Vayamos por el principio. Luciane tiene dos padres encantadores que viven en Mina Gerais. Como corresponde, le pedí a su padre su mano, en el mismo día en que él me veía por primera vez. Había mucho nervio porque se trata de un hombre muy respetado y tradicionalista. Incluso recibí la sugerencia de no mostrar el tatuaje de mi brazo (¿quizá cuando nazca nuestro segundo hijo?). Pero fue un momento muy emotivo, donde recibí toda la confianza que un padre puede poner en un yerno.

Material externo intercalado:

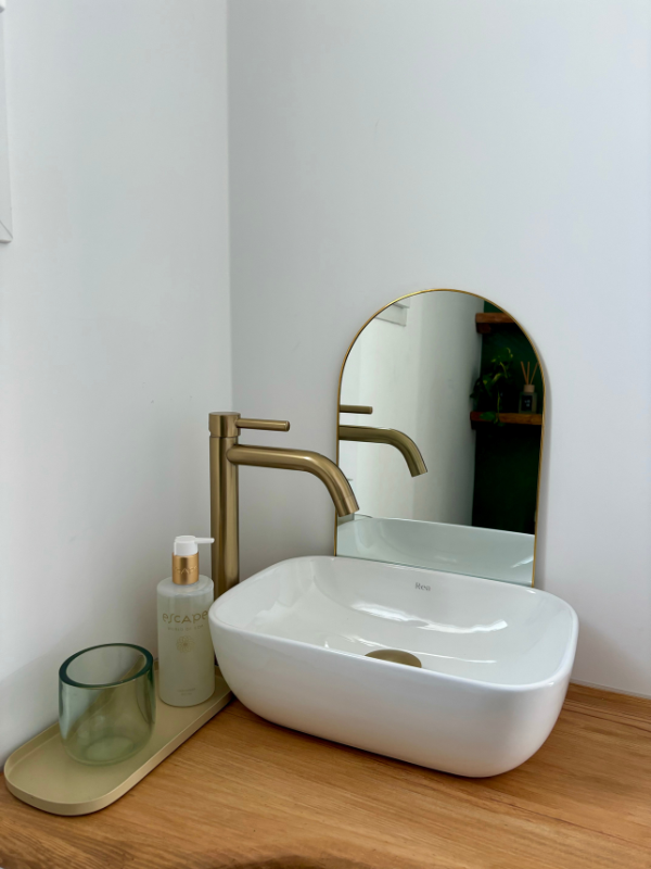 J’ai voulu un robinet couleur champagne / étain / or brossé et ça rend vraiment super bien. Par contre qu’est-ce que j’ai galéré à trouver un distributeur de savon qui allait avec ! Ceux qui me suivent sur instagram savent à quel point j’ai pinaillé sur le sujet (j’ai acheté 3 distributeurs différents, quand même) et le dernier en date n’a pas tout à fait la bonne couleur mais… j’ai décidé de m’en accomoder.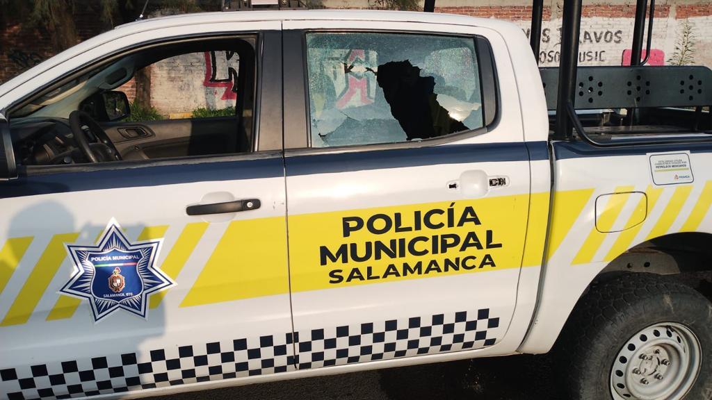 Salamanca.- Daños materiales a una patrulla, recuperación de un auto robado y aseguramiento de una camioneta así como la huida de varios delincuentes fue el saldo de una agresión a balazos unos elementos de la policía municipal.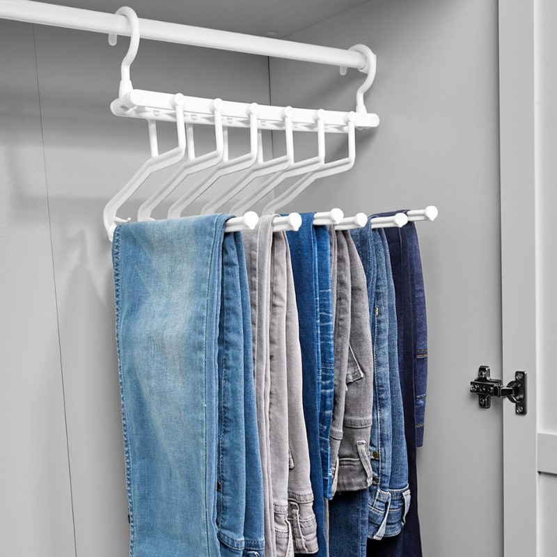 Umerașul multifuncțional pentru pantaloni este ideal pentru organizarea eficientă a mai multor perechi de pantaloni într-un spațiu redus. Prin utilizarea unui singur umeraș, se pot depozita mai multe articole, ceea ce îl face potrivit pentru dulapuri mici, dressinguri aglomerate sau spații de depozitare limitate. De asemenea, produsul este potrivit pentru utilizare în hoteluri, pensiuni, showroom-uri sau alte spații unde ordinea și accesul rapid la haine sunt esențiale.

Después vino la convivencia. En noviembre fui a buscar a Luciane a Rio de Janeiro, donde ayudé en la mudanza. Había un clima de ansiedad pero también de cierta tristeza. Ella abandonaba su país, sus amigos, su familia. El contacto con su tierra y sus seres queridos jamás se va a romper, pero es distinto saber que están a un viaje en ómnibus de distancia que a un tramo en avión. La primera vez que llegamos a mi departamento nos recibió una infestación de pulgas. Esos bichos malditos desaparecen en invierno, momento en que uno cree que las ha erradicado, pero en verdad están escondidas hasta los primeros calores. No es culpa de Santi, mi gato. Yo recibí este departamento con pulgas y en mi inocencia creí que las había vencido.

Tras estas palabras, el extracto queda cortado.